Work instruction
With the pictures excluded, retype the records that follow exactly.

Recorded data
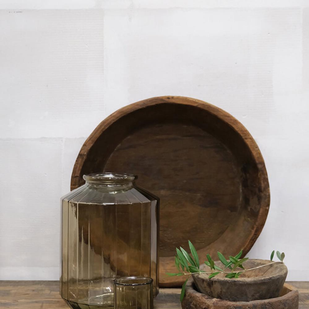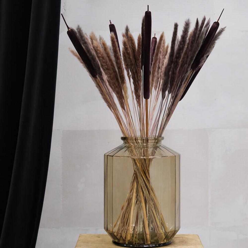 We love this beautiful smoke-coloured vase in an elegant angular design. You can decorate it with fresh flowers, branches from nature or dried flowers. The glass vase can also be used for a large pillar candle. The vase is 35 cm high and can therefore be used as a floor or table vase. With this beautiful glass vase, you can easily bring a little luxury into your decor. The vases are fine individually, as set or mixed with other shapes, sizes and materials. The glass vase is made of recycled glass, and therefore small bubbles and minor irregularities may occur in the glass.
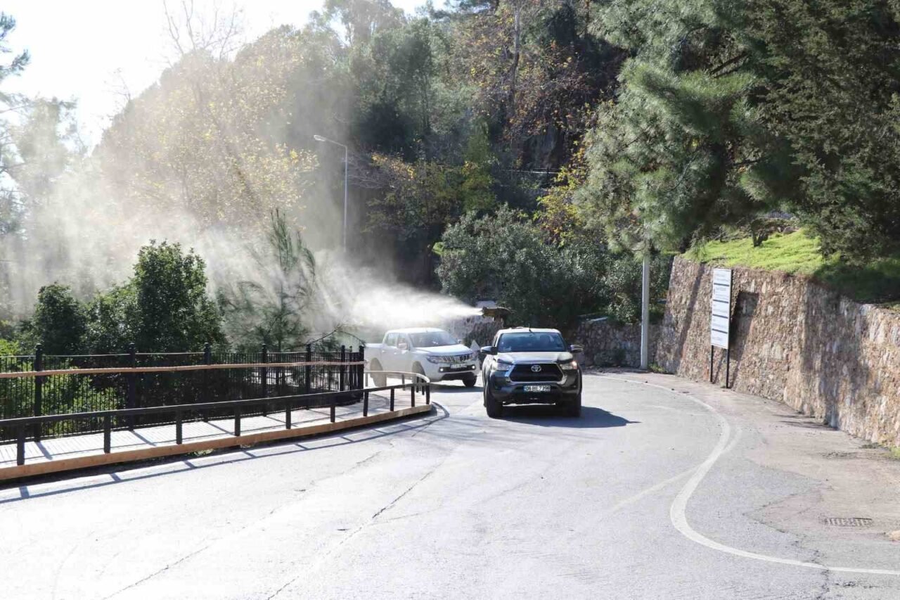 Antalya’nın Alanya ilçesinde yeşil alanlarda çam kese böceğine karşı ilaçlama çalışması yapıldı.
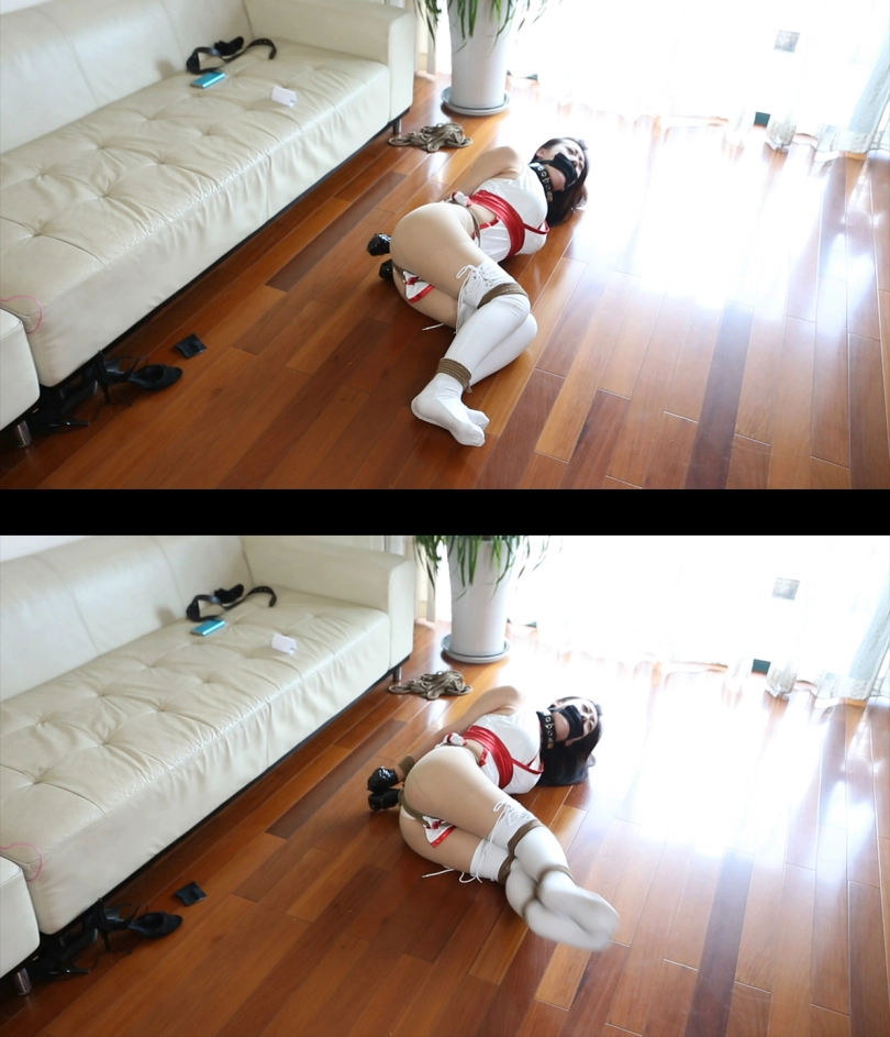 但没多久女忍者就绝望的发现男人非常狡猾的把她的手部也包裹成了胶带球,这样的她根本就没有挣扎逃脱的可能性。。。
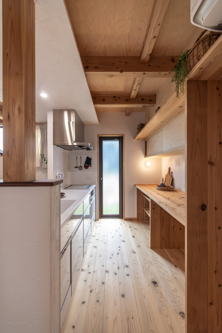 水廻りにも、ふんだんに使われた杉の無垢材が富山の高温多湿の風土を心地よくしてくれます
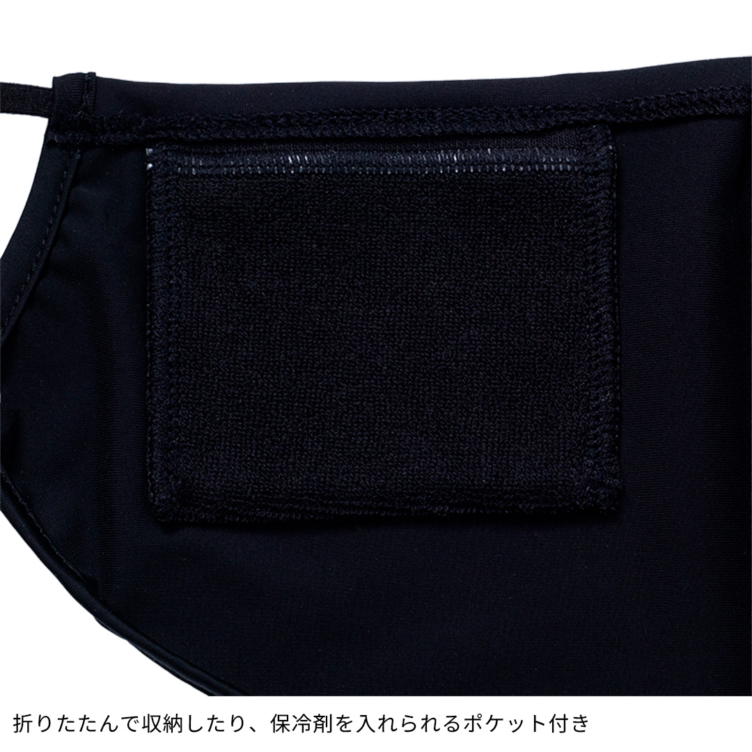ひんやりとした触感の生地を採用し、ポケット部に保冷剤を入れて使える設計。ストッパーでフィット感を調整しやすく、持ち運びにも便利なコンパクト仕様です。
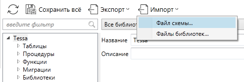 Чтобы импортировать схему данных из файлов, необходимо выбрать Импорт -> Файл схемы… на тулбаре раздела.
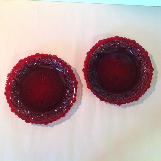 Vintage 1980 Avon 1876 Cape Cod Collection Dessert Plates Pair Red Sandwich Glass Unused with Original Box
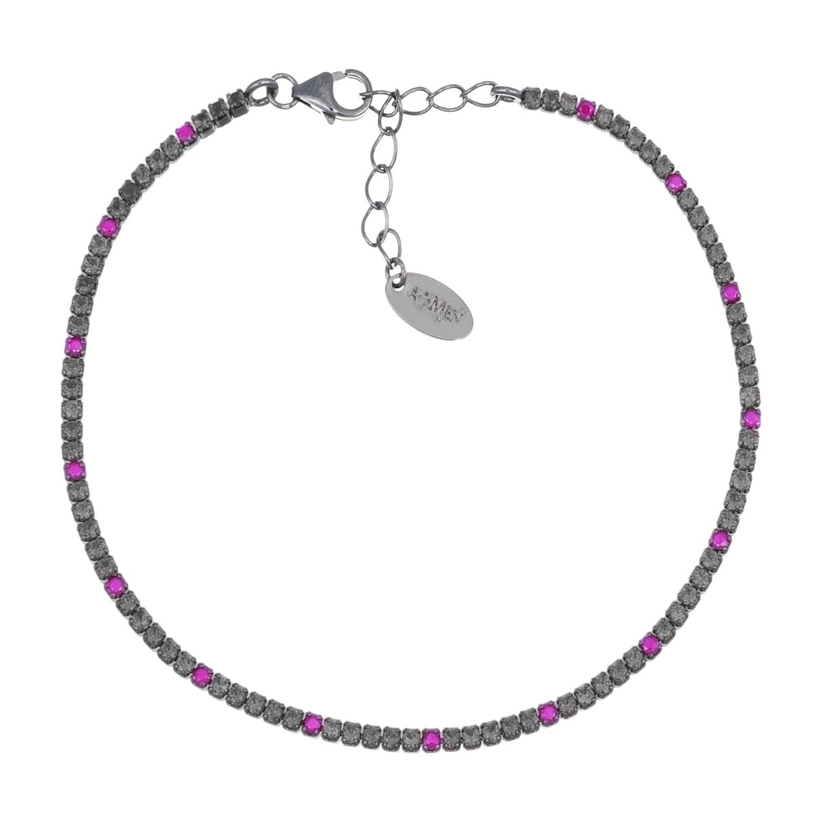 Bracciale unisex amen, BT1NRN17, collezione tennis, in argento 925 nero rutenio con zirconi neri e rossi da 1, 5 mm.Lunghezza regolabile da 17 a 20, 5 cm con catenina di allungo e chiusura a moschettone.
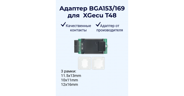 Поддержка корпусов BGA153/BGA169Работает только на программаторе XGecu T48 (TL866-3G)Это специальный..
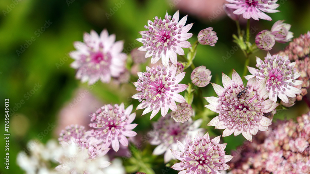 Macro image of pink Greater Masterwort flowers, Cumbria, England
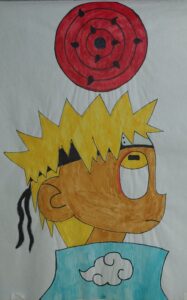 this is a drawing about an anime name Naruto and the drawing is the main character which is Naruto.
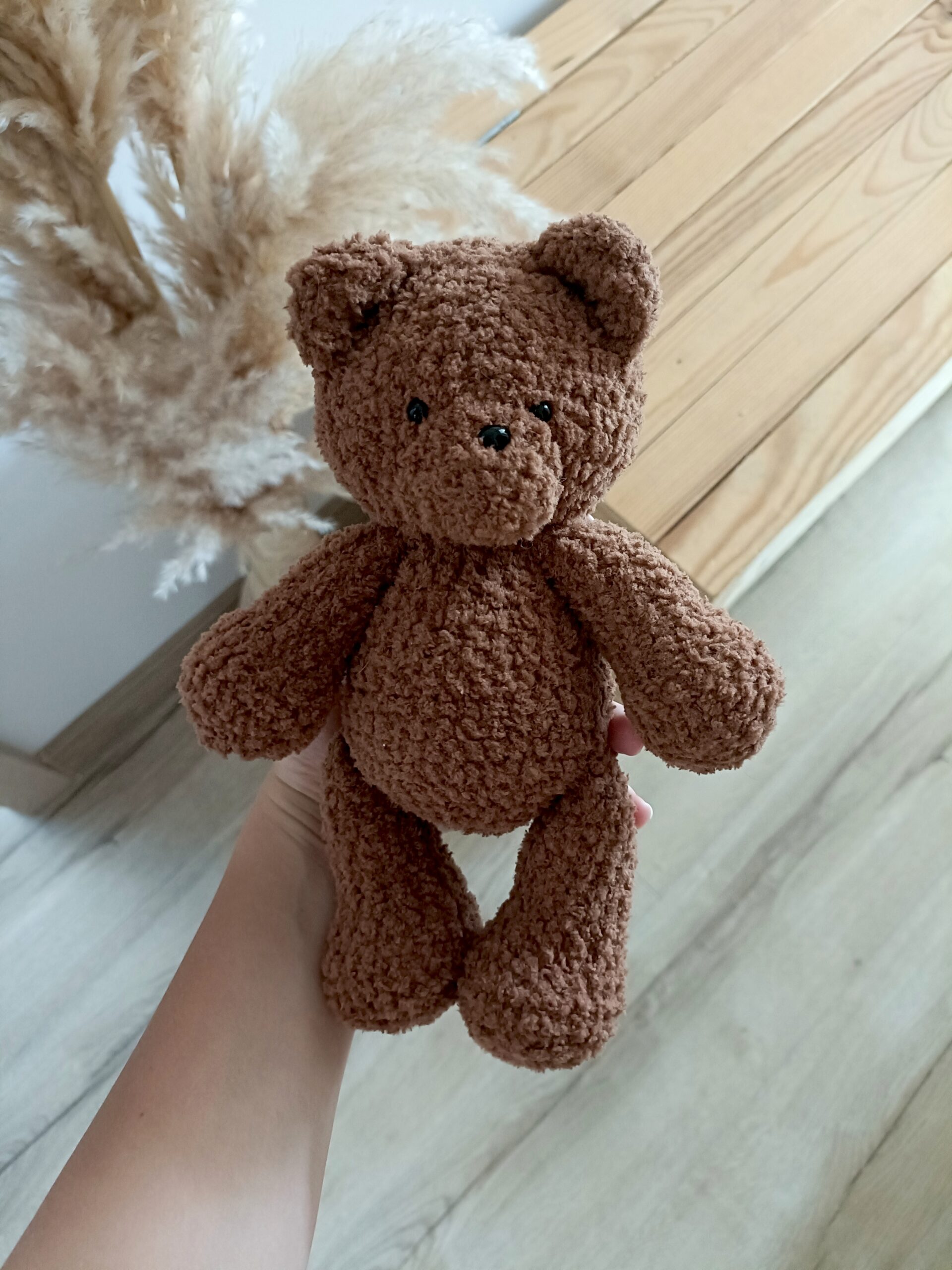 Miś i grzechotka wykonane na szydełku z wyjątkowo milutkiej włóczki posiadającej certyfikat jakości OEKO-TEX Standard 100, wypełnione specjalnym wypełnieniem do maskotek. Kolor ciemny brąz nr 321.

Task solution
 We love this beautiful smoke-coloured vase in an elegant angular design. You can decorate it with fresh flowers, branches from nature or dried flowers. The glass vase can also be used for a large pillar candle. The vase is 35 cm high and can therefore be used as a floor or table vase. With this beautiful glass vase, you can easily bring a little luxury into your decor. The vases are fine individually, as set or mixed with other shapes, sizes and materials. The glass vase is made of recycled glass, and therefore small bubbles and minor irregularities may occur in the glass.
 Antalya’nın Alanya ilçesinde yeşil alanlarda çam kese böceğine karşı ilaçlama çalışması yapıldı.
 但没多久女忍者就绝望的发现男人非常狡猾的把她的手部也包裹成了胶带球,这样的她根本就没有挣扎逃脱的可能性。。。
 水廻りにも、ふんだんに使われた杉の無垢材が富山の高温多湿の風土を心地よくしてくれます
ひんやりとした触感の生地を採用し、ポケット部に保冷剤を入れて使える設計。ストッパーでフィット感を調整しやすく、持ち運びにも便利なコンパクト仕様です。
 Чтобы импортировать схему данных из файлов, необходимо выбрать Импорт -> Файл схемы… на тулбаре раздела.
 Vintage 1980 Avon 1876 Cape Cod Collection Dessert Plates Pair Red Sandwich Glass Unused with Original Box
 Bracciale unisex amen, BT1NRN17, collezione tennis, in argento 925 nero rutenio con zirconi neri e rossi da 1, 5 mm.Lunghezza regolabile da 17 a 20, 5 cm con catenina di allungo e chiusura a moschettone.
 Поддержка корпусов BGA153/BGA169Работает только на программаторе XGecu T48 (TL866-3G)Это специальный..
 Macro image of pink Greater Masterwort flowers, Cumbria, England
 this is a drawing about an anime name Naruto and the drawing is the main character which is Naruto.
 Miś i grzechotka wykonane na szydełku z wyjątkowo milutkiej włóczki posiadającej certyfikat jakości OEKO-TEX Standard 100, wypełnione specjalnym wypełnieniem do maskotek. Kolor ciemny brąz nr 321.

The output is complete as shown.